У географа Михаила Андреевича Литвинова, местного жителя, методика была иная. Потряхивая бортами пиджака, он сообщал ученикам чисто по-чеховски: «В Африке жарко!» А поскольку был близорук, тыкал указкой куда-нибудь в Испанию. Но человек он был добрый, они с женой Марией Яковлевной держали корову, и мы у них брали молоко.
Так что учительский коллектив состоял из двух скрыто-антагонистических групп: местных и понаехавших.
В десятый класс я, пожалуй, вписался сразу. Не знаю, чем я его взял, но они внимали каждому моему слову. Как всякий жаждущий просвещать, я стремился впихнуть в них как можно больше. Скажем, если в программе стоял лишь «Обломов», то я не представлял себе, как можно пройти окончательно и на всю жизнь мимо «Обрыва», который очень любил, или «Обыкновенной истории». Бедные мои крестьянские дети принуждены были мною вникать в конфликты общества, которого уже нет и в помине. Но там были понятные всем и во все времена любовные треугольники, возвышенные страсти. Вот за этим они с замиранием сердца и следили. Но долго нам разнеживаться не пришлось: нагрянула уборка картофеля.

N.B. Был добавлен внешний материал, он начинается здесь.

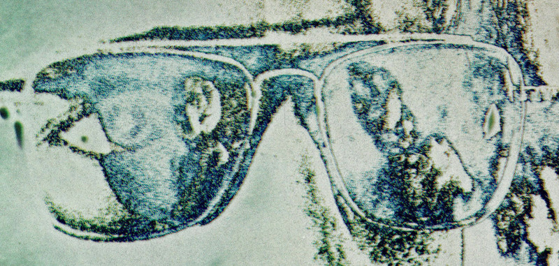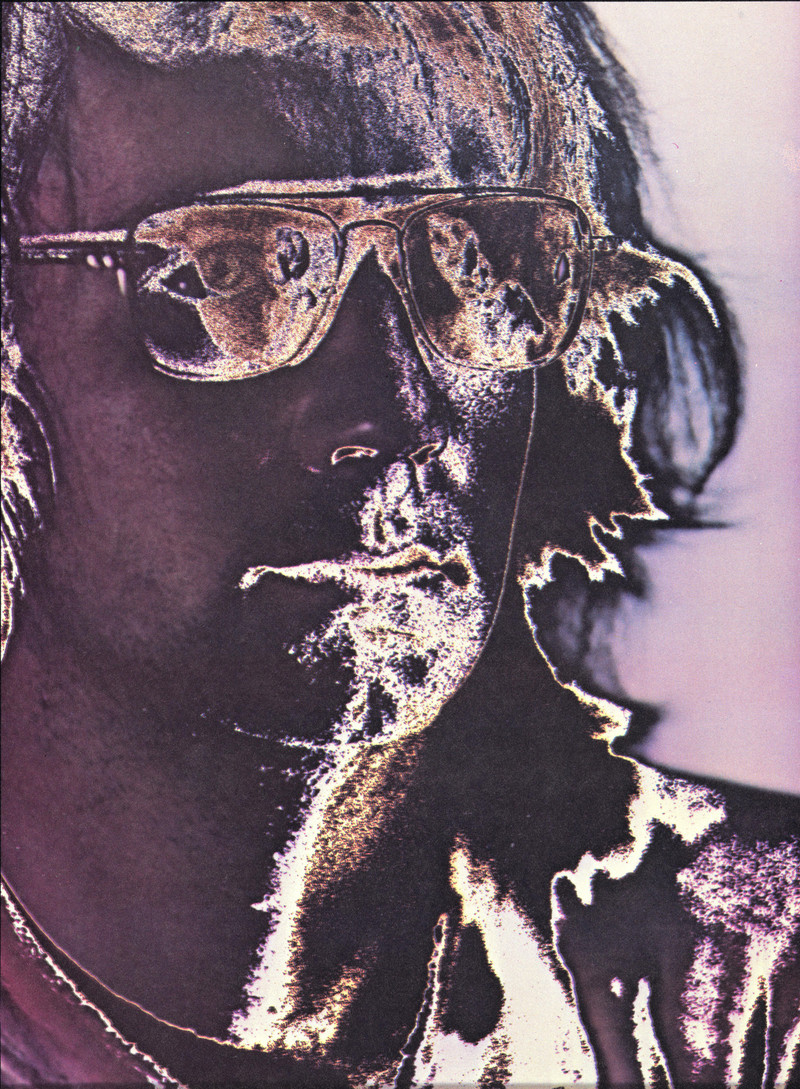 Inverting the image didn't help much, but we did spot two figures reflected in the eyeglasses, one human and one alien. From East Tennessee State University's 1972 yearbook.

Колхоз наш, прямо скажем, был небогатый, на счету его в банке числилось 47 копеек, поэтому председатель Зуев спал и видел дармовую рабочую силу на колхозных полях. Если я, как молодой учитель, и заслуживал упреков старших товарищей в легкомыслии и романтизме, то, что можно было сказать о нашем почтенного возраста государстве, которое пыталось накормить страну, начисляя крестьянину 15 копеек за трудодень? Как оно рассчитывало удержать всех этих парней на государственной барщине, не обещая ничего взамен? Да еще мы, просветители, явно разлагали сознание сельского труженика, открывая перед ним многокрасочный мир, маня его соблазнами более или менее сносной городской жизни, воспаляя воображение и умение размышлять, что нам предписывалось государственной же программой?

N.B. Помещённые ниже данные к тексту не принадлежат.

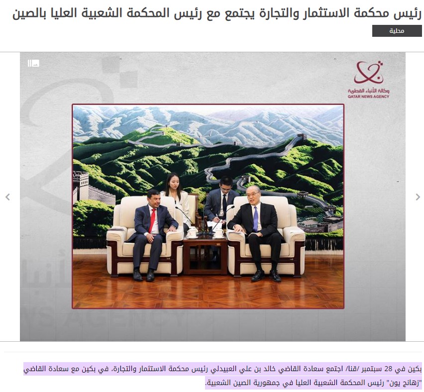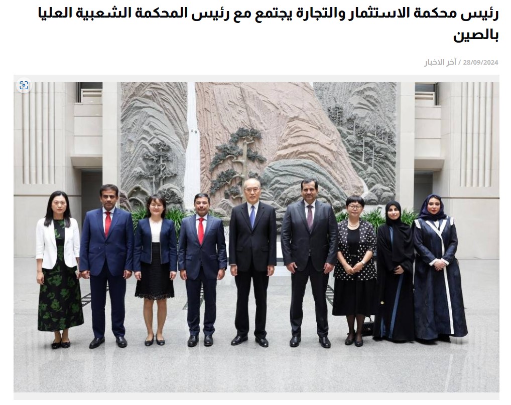رئيس محكمة الاستثمار والتجارة يجتمع مع رئيس المحكمة الشعبية العليا بالصين
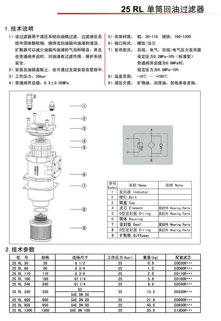 25RL30,25RL60,25RL110,25RL160,25RL240,25RL330,25RL660,25RL950,25RL1300,25RL1300KN3FAB20PD,單筒回油過濾器 |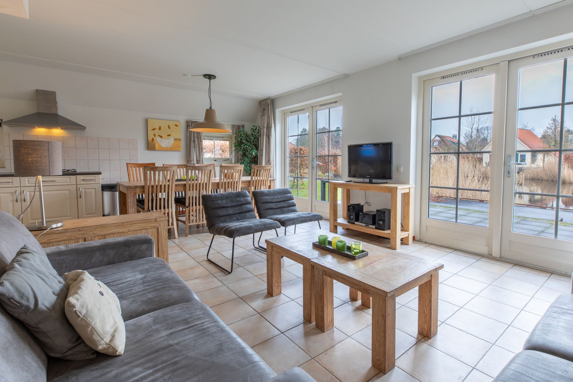 Begane grond: vanuit de hal is er de toegang tot een geheel betegeld separaat toilet met fonteintje , woonkamer met open keuken. De woonkamer is voorzien van 2 openslaande deuren die toegang geven tot een royaal terras met uitzicht over het water. De keuken is voorzien van een vaatwasser, grote koelkast, combimagnetron, afzuigkap en 5 pits kookplaat met wok brander. Vanuit de woonkamer via een klein portaal heeft u toegang tot twee 2 persoonsslaapkamers en badkamer met wastafel en douche.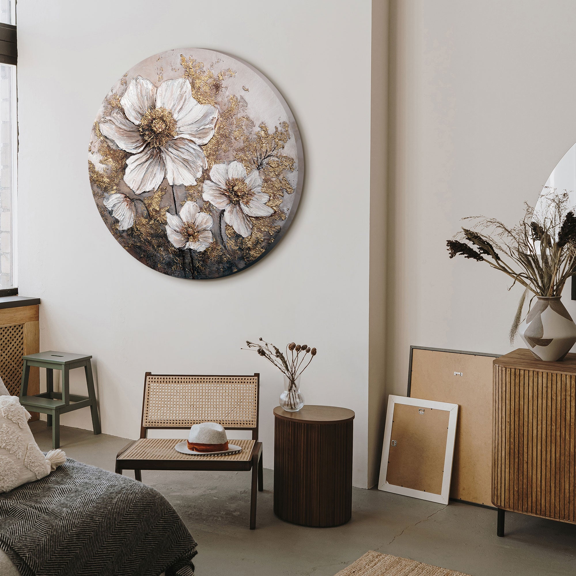 • runde wanddeko wohnzimmer, acrylbild floral gold

Хорошее было время: теплые сухие деньки бабьего лета, стрекот трактора и оживленные крики на поле, яркая, как театральная декорация, опушка леса! Нет, о перерыве в занятиях никто не тужил, кроме, наверное, меня, жаждавшего поскорей пересказать своим подопечным несколько романов Тургенева.
В октябре праздник осени закончился, лес обесцветился, почернел. Низкие, быстро летящие тучи без конца сочились дождем, земля размякла, так что без резиновой обуви до школы было не дойти. Задымили печные трубы, заслезились окна. В один из таких невыразительных дней пришел Лев Васильевич и спросил:
– Господа хорошие, а что вы зимой собираетесь есть?
– Есть?
– Да-да, кушать.
Честно говоря, я не ожидал такого вопроса. Ели что попадется: грибы, консервы, привезенные из Ленинграда, картошку, кашу.

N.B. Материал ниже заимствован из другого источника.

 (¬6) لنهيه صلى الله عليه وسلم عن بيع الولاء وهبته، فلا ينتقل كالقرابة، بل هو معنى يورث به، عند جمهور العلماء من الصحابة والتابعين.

– Дело, собственно, вот в чем, – продолжал директор, – зимою тут вы ничего не купите – ни макарон, ни масла. Хорошо, если хлеб будет. Мой вам совет – сделайте заготовки на зиму.
– А что мы должны заготовить?
Мы были типичные советские лопухи, просто хрестоматийные.
– Ну, картошки мы вам дадим, для интерната достаточно заложили. А вот вы сходите-ка к Зуеву и выпишите килограммов сто капусты.
– Сто?
– Да, бочки вам хватит. А еще попросите кур.
– Чего-чего?
– Кур! Курочка-ряба, знаете? Штук двадцать кур.
– А что с ними делать?
– А это потом Мария Яковлевна придет, вам расскажет.
И вот у нас в мезонине горка крепких глянцевых кочанов. И куры. Живые, что меня смутило и озадачило. Пришла учительница младших классов и сказала, что кур надо порубить, ощипать, опалить, а затем делать из них консервы – с перчиком, с лавровым листом – вот такие получатся!
К такому повороту событий я не был готов и как гуманист отложил решение проблемы на завтра. Ночью куры, как водится, спали, а спозаранку я услышал наверху шебуршание, квохтанье, какие-то скандальные вскрики и хлопанье крыльев. Я поднялся в мезонин. Куры клевали капусту. Пол, отчасти и стены были разукрашены зеленым пометом. Одна зеленая клякса почему-то оказалась на потолке.